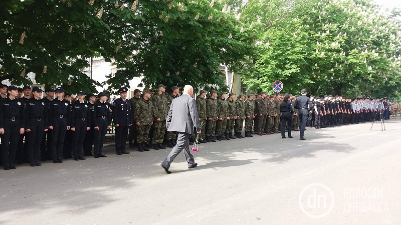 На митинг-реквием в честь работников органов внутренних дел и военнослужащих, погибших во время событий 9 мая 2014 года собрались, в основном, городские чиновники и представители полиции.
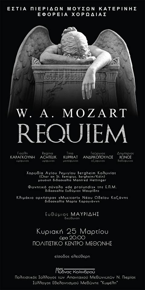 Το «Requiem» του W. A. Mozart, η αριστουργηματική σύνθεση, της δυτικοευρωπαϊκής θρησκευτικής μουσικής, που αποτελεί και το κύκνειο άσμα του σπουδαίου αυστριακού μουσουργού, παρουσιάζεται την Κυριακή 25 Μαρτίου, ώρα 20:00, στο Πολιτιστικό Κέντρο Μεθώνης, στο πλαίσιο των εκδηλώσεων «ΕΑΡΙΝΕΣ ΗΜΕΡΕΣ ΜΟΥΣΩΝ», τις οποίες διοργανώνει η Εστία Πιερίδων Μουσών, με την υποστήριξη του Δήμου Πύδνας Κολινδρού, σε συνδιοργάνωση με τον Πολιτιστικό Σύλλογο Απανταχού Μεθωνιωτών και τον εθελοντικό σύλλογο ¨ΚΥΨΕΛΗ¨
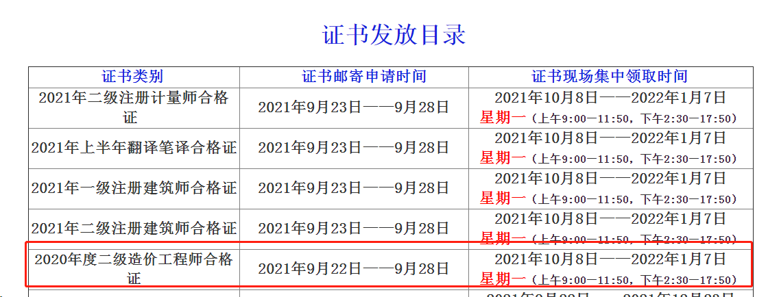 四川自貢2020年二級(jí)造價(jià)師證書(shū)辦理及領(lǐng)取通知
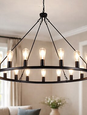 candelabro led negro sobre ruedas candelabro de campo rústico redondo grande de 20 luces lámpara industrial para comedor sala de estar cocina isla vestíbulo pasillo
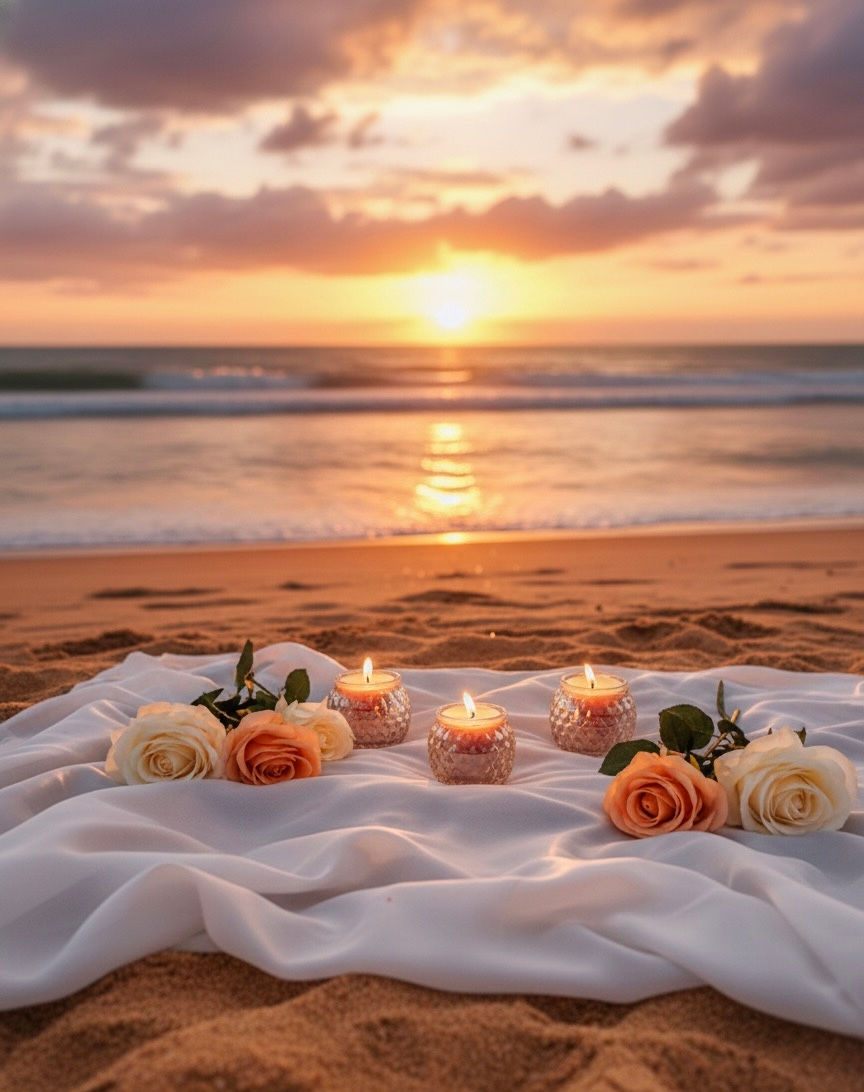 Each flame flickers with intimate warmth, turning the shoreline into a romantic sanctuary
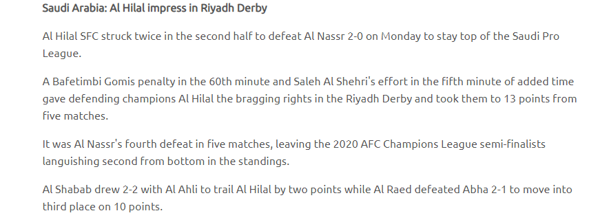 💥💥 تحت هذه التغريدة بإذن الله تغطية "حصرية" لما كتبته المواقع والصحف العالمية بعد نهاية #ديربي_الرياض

++++

- [Exercise aim] Write out exactly the lines from the one containing "四川自貢2020年二級(jí" through the end of the entries, both included. Pictures are not copied.

- [Result]
 四川自貢2020年二級(jí)造價(jià)師證書(shū)辦理及領(lǐng)取通知
 candelabro led negro sobre ruedas candelabro de campo rústico redondo grande de 20 luces lámpara industrial para comedor sala de estar cocina isla vestíbulo pasillo
 Each flame flickers with intimate warmth, turning the shoreline into a romantic sanctuary
 💥💥 تحت هذه التغريدة بإذن الله تغطية "حصرية" لما كتبته المواقع والصحف العالمية بعد نهاية #ديربي_الرياض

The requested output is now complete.